Gene set linkage analysis tool
The GSLA web tool was first developed together with the predicted Human Interactome Resource (HIR 2013) [10] to interpret the potential functional impact from the observed OTCs in humans. Two hypotheses (Q1 and Q2) are assumed by GSLA to ensure that the reported functional associations between two gene sets are significant (Fig. 2). Q1 measures whether the density of inter-gene-set gene associations between two functionally associated gene sets is higher than the density of background gene associations connecting two random gene sets. Q2 assumes that the high density between functionally associated gene sets can be observed only in the biologically correct interactome and not in random interactomes. In other words, when we compare the density of the HIR V2 to a random gene association network, both consisting of the same genes and with each gene having the same number of neighbours, the HIR V2 will have a higher density. In a biological sense, Q1 examines the strength of the functional associations between two gene sets, while Q2 verifies that the observed strong functional association is the result of a biologically correct network topology (i.e., our knowledge of the molecular mechanisms) rather than the result of the compositions of these two gene sets. Some genes, known as hubs, have considerably more neighbours than other genes. Therefore, if the gene sets have many hubs, they are more likely to connect to other gene sets. To ensure the biological significance of functional associations that were detected between two gene sets, the second hypothesis (Q2) can remove the confounding factor of gene set composition. In general, Q1 and Q2 are related and different hypotheses. They complement each other so that the GSLA tool can increase its sensitivity and specificity. We set density > 0.01 for Q1 and p < 0.001 for Q2 as the default criteria for GSLA when reporting the functional associations between two gene sets.
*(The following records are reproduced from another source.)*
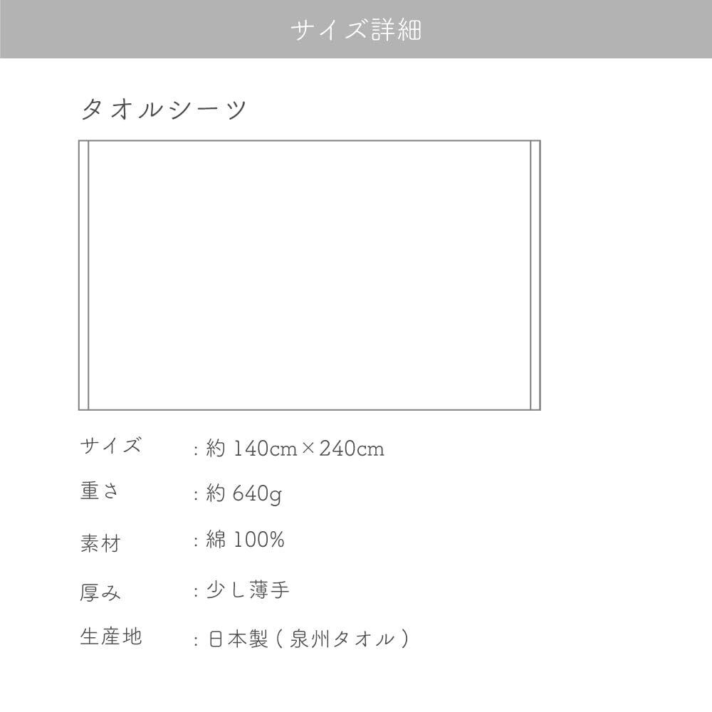 【シングルタオルシーツ1枚】生産地:日本製(泉州タオル) 本体重量:585g(1枚あたり) 本体サイズ:約140×240cm(1枚あたり) 素材 : 綿100%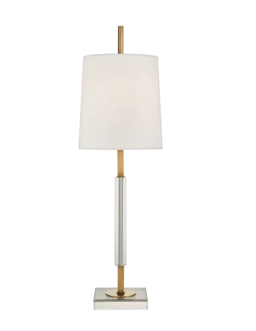 Lexington Medium Table Lamp in Hand-Rubbed Antique Brass and Crystal with Linen Shade.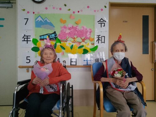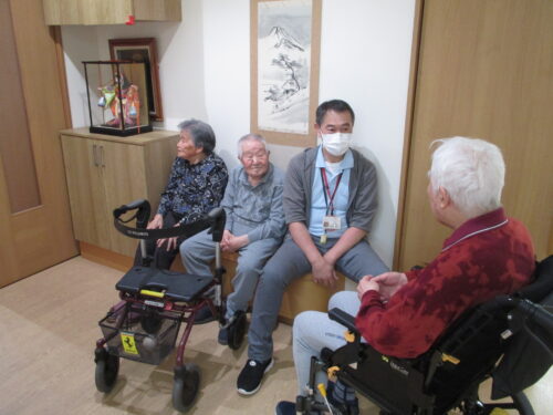 フロアの玄関でご入居者様と過ごされているところパシャリ!

Construction of the HIR V2/GSLA website
To deploy the online database, we used the LNMP system, which is an integrated system that includes Linux, Nginx, MySQL, and PHP. The MySQL database was used to store data. The web interface of the online database was developed using the Laravel framework using PHP. The front-end of the online database was implemented with the Vue.js script library, which implements a single page application (SPA). Vue.js is an open-source JavaScript library designed for SPA web interface creation. Cytoscape [27] was used for the visualization of the functional association networks.